Start by deciding whether you are replacing FlutterFlow as a visual builder, as an app delivery pipeline, or as a way for non-developers to change screens without touching code. FlutterFlow's convenience comes from keeping navigation, state, responsive layout, backend bindings, and build settings in its project model. An open source replacement may expose more of that as source files, configuration, or scripts. That is usually better for long-term control, but it changes who owns architecture decisions. If your team mainly needs quick prototypes, prioritize visual iteration. If the app already has product-market weight, prioritize readable source, testability, branching, and a clean path to native build tools.
Expect to give up some of FlutterFlow's integrated polish.
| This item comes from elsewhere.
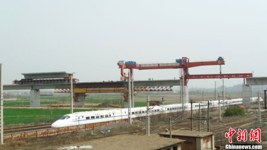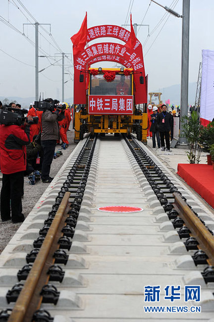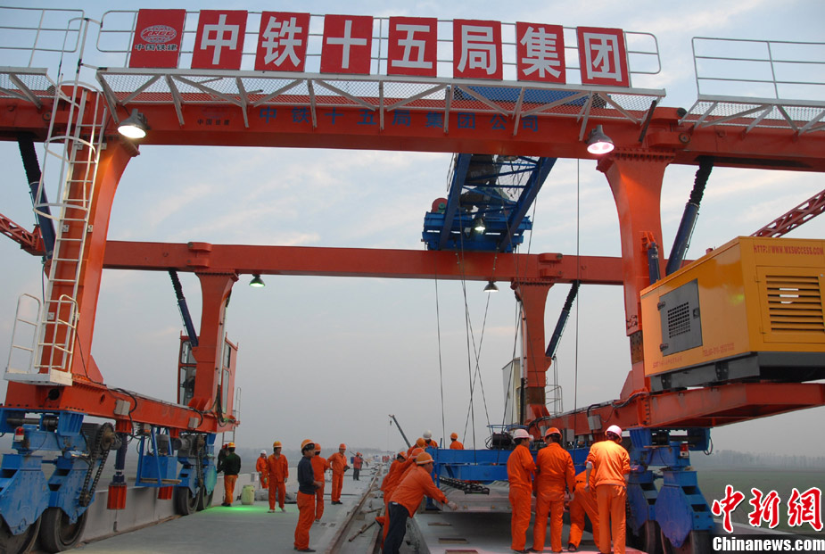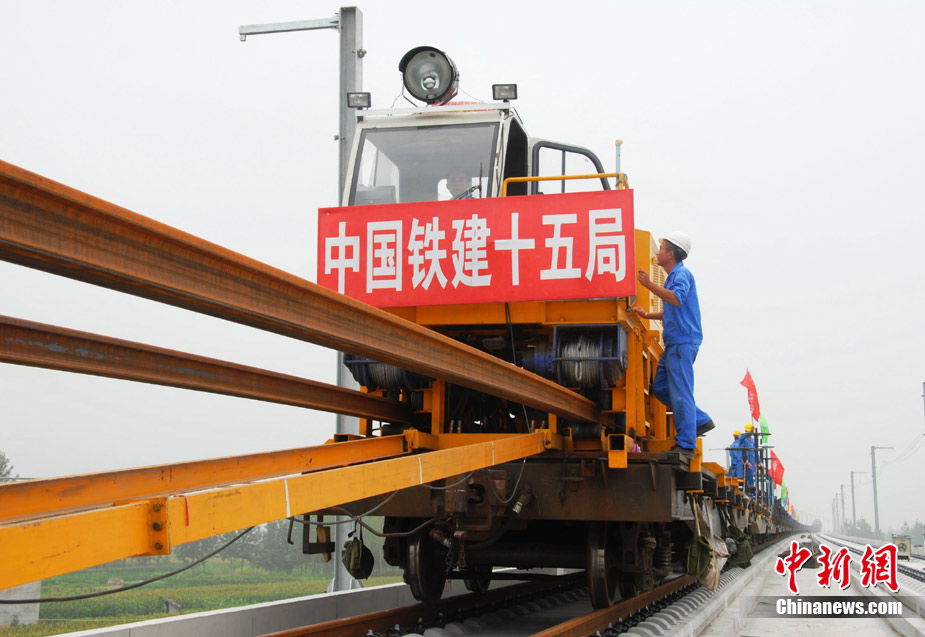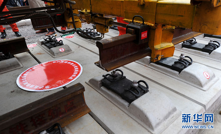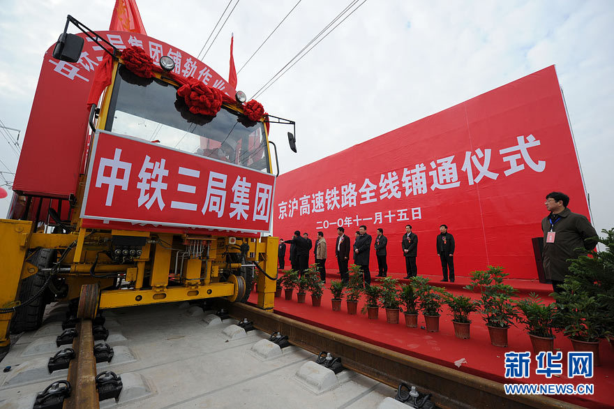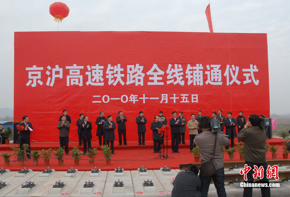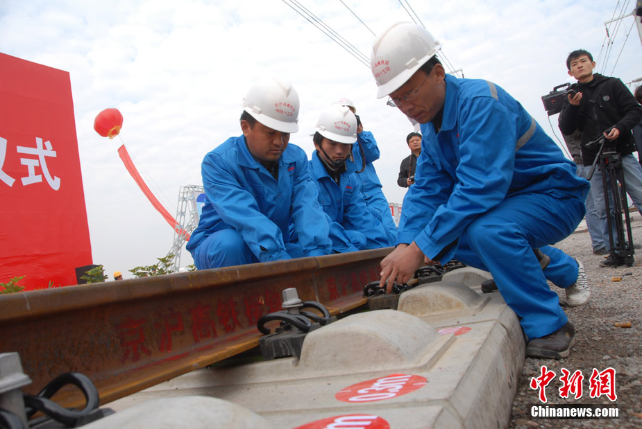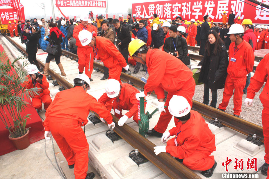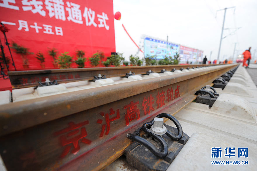 11月15日上午,隨著最后一根鐵軌在安徽蚌埠段順利鋪下,京滬高速鐵路全線完成鋪通工程,這是京滬高速鐵路建設(shè)取得的又一重大階段性成果。京滬高速鐵路的全線鋪通,標(biāo)志著以線下工程和鋪軌為主的站前工程全部結(jié)束,下一步將全力推進以牽引供電、通信、信號、電力“四電集成”施工和站房建設(shè)為主的站后工程施工,展開全線聯(lián)調(diào)聯(lián)試。圖為15日,京滬高鐵先導(dǎo)段鋪通儀式在京滬高鐵蚌埠南火車站舉行。中鐵十五局員工在接軌點安裝最后一組鋼軌鎖定螺栓。(張智海 范剛軍 李紅)

Open source options often cover the app builder, the code framework, or the backend admin layer well, but not all of them in one opinionated workspace. Visual design fidelity may require manual cleanup, especially around breakpoints, reusable components, state management, and complex conditional flows. Non-developers may need narrower permissions or a staging process instead of editing production-facing behavior directly. You may gain local development, version control, and deeper customization, but budget for engineering time to replace templates, generated actions, deployment shortcuts, and any workflow your team currently treats as automatic.
Migration starts with exports, not with a rewrite plan. Export the source project when your FlutterFlow plan and project settings allow it, download assets, document environment variables, and capture backend collections, authentication flows, storage paths, API calls, and custom code blocks. The exported app is a starting point, not a clean target architecture. Screens, assets, routing, and some logic can survive, but naming, state boundaries, generated helper code, dependency choices, and build configuration usually need review. For larger apps, migrate one vertical slice first, then move shared components and backend contracts after tests prove the open source toolchain can build and release reliably.